At present, SOE executives are appointed by the government. Their salaries are considerably higher than those of ordinary employees and civil servants, but their contribution to the SOEs does not justify their excessive salaries. In addition to high salaries, many top executives also hold administrative ranks. These ranks enable them to benefit from other forms of invisible income such as transportation and communication allowances.
To ensure SOE executive salary reforms succeed, the government should link salary to how an executive got his or her job. That is to say, if an SOE executive was appointed by the government, he or she should receive a salary based on administrative level. If executives were hired through a public and competitive selection process, then they can be paid based on their performance.

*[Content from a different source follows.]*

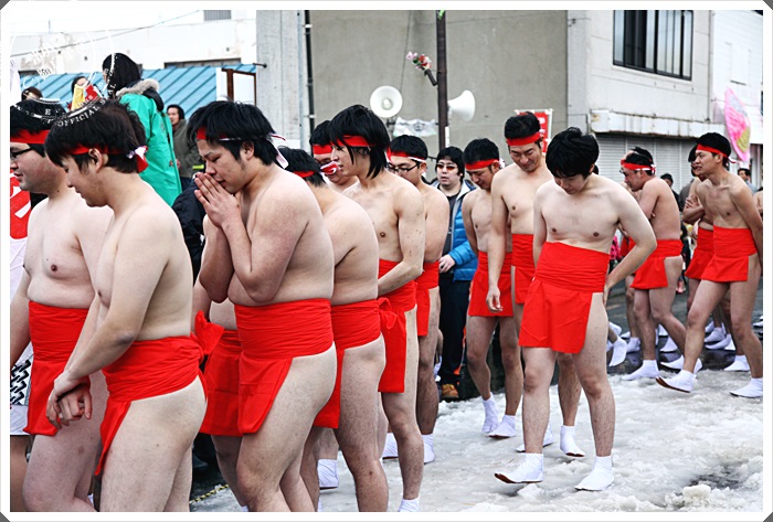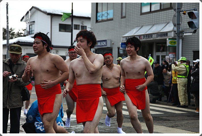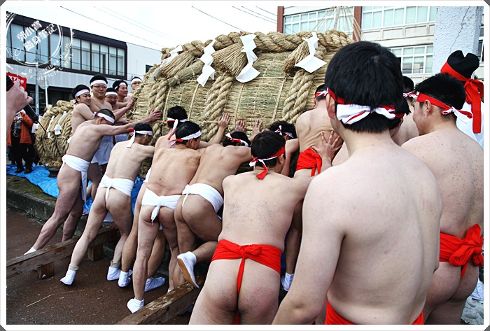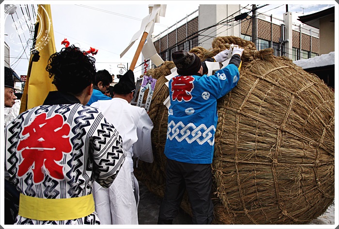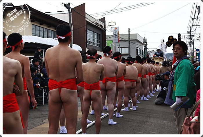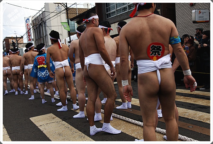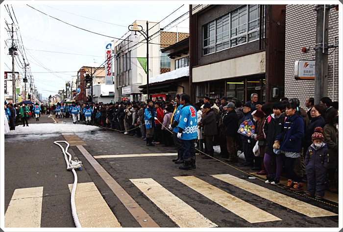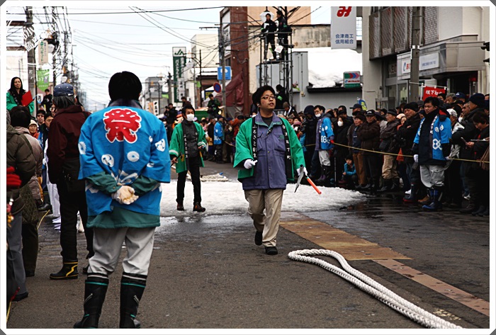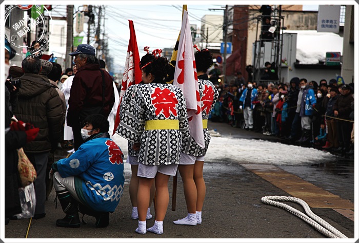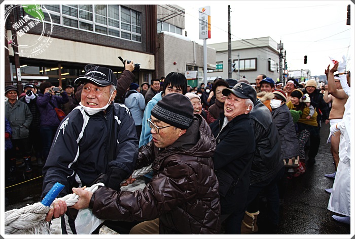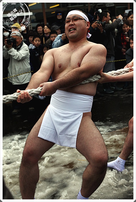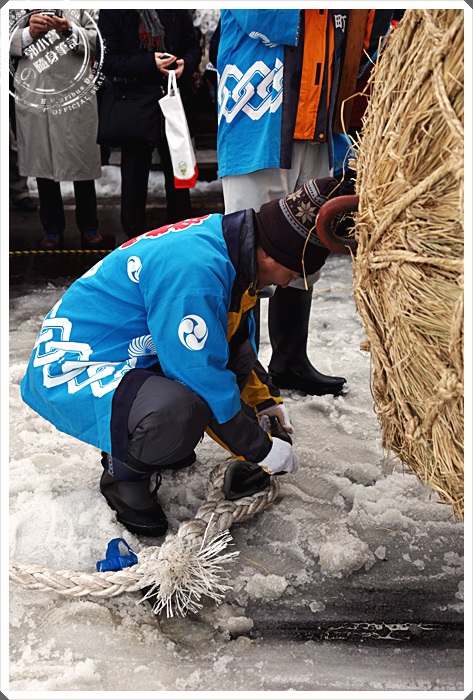 工作人員在馬路中心點的地方鋪上了白雪,在合力將土俵推到雪地上,幫土俵兩邊掛上拔河繩,每一的動作我的熱血就開始沸騰了,其實當天的我穿了三件衣服在套上一件大外套,我都覺得相當的冷了,我很能想像只穿一條丁字褲出現的樣子,重點是我會超害羞的>|||||||||||< |

It may turn out that the government will revoke the administrative ranks of SOE executives to make SOEs even more market-oriented.

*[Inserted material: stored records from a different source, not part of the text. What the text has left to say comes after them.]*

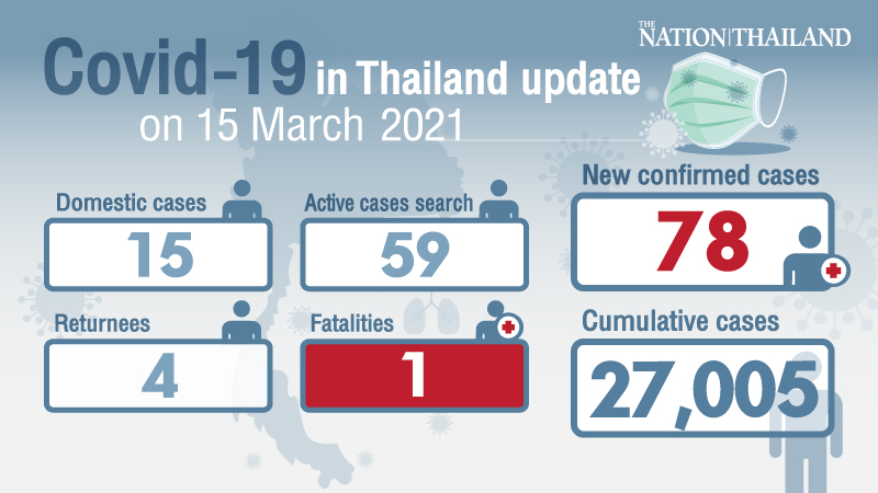 As of Monday, the number of confirmed cases in Thailand had risen to 27,005. Of them, 24,074 had been contracted locally, including 15,024 who were found via proactive testing, while 2,931 were returnees.
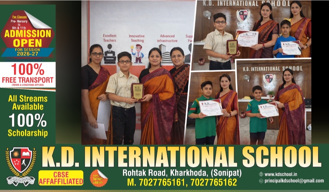 KD इंटरनेशनल स्कूल खरखौदा में शैक्षणिक सत्र 2025–26 का वार्षिक परिणाम दिवस और पीपी3 ग्रेजुएशन सेरेमनी का आयोजन अत्यंत भव्यता और हर्षोल्लास के साथ किया गया।
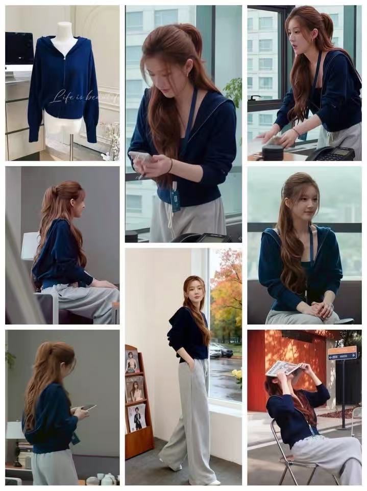 【露絲同款 許我耀眼藍色針織拉鍊開衫】
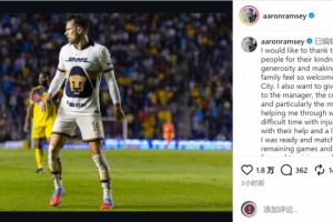 墨西哥美洲狮与拉姆塞解约,拉姆塞社媒写道:“我想感谢墨西哥人民对我的友善与慷慨,让我和我的家人在墨西哥城感受到如此温暖的欢迎。我还要特别感谢主教练、教练组,尤其是医疗团队,在我受伤的艰难时期给予我的帮助。在他们的支持和努力下,我恢复了状态,为接下来的比赛做好了准备,期待为美洲狮贡献自己的最好表现。”

These large salary cuts won't necessarily lead to waves of executive resignations at SOEs. The executives will still earn relatively high salaries after the cuts. Moreover, they typically see their positions as iron rice bowls and will be reluctant to abandon them.
Qian Qimin, director of market research at Shenyin & Wanguo Securities
The SOEs must impose ceilings on the salaries of State-appointed senior managers. The unreasonably high and excessive incomes of SOE executives can be as much as 30 times the wages of ordinary employees, which can hurt the moral of the rank.
A great many SOEs generate huge profits due to protective government policies for certain industries, rather than through good management by government-appointed executives. There is no reason for these executives to earn such high salaries.
This kind of salary reform is an important component of SOE reform. The Chinese government is actively developing a diversified ownership economy that seeks to allow more SOEs to develop into mixed-ownership companies. Salary reform can help foster a modern corporate system and develop a mixed-ownership economy. Meanwhile, the government also needs to strictly audit and heavily regulate the expenses and other privileges of SOE executives.
Cutting the salaries of top SOE executives is just the beginning. The government also needs to take measures to reform SOE equity structures, allowing a portion of ordinary employees to hold shares. This can help boost the moral of employees.